··· PROVIDED DATA ···
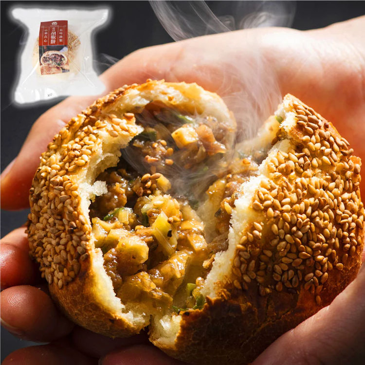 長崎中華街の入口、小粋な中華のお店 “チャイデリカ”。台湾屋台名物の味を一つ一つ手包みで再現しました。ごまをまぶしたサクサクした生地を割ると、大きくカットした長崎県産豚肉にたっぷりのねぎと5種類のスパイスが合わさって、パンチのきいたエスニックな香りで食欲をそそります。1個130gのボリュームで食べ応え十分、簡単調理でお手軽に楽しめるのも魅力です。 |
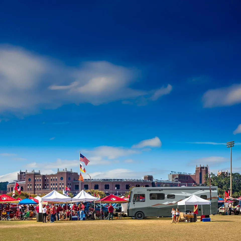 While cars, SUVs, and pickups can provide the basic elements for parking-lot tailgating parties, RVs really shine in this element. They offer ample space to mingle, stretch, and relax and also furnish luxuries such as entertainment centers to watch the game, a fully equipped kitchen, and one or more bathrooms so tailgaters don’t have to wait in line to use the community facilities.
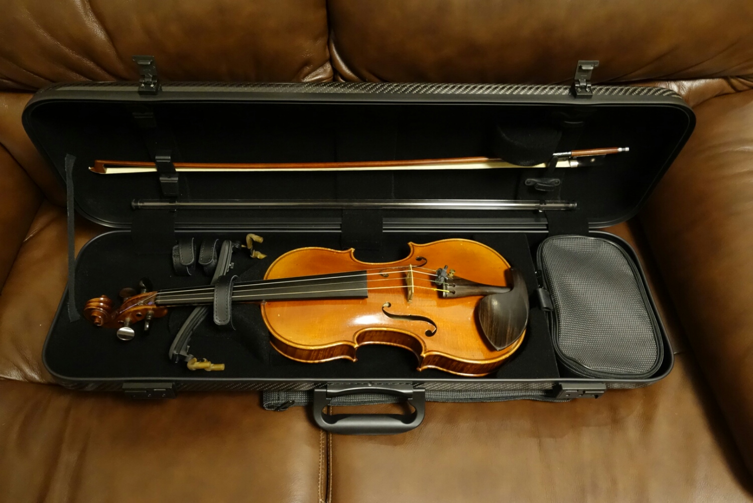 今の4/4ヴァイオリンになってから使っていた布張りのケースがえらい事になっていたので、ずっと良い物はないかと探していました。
···
(WHAT NEEDS TO BE DONE): Exactly as they appear above, print all the lines, but not the pictures.

(EXERCISE RESULT):
 長崎中華街の入口、小粋な中華のお店 “チャイデリカ”。台湾屋台名物の味を一つ一つ手包みで再現しました。ごまをまぶしたサクサクした生地を割ると、大きくカットした長崎県産豚肉にたっぷりのねぎと5種類のスパイスが合わさって、パンチのきいたエスニックな香りで食欲をそそります。1個130gのボリュームで食べ応え十分、簡単調理でお手軽に楽しめるのも魅力です。 |
 While cars, SUVs, and pickups can provide the basic elements for parking-lot tailgating parties, RVs really shine in this element. They offer ample space to mingle, stretch, and relax and also furnish luxuries such as entertainment centers to watch the game, a fully equipped kitchen, and one or more bathrooms so tailgaters don’t have to wait in line to use the community facilities.
 今の4/4ヴァイオリンになってから使っていた布張りのケースがえらい事になっていたので、ずっと良い物はないかと探していました。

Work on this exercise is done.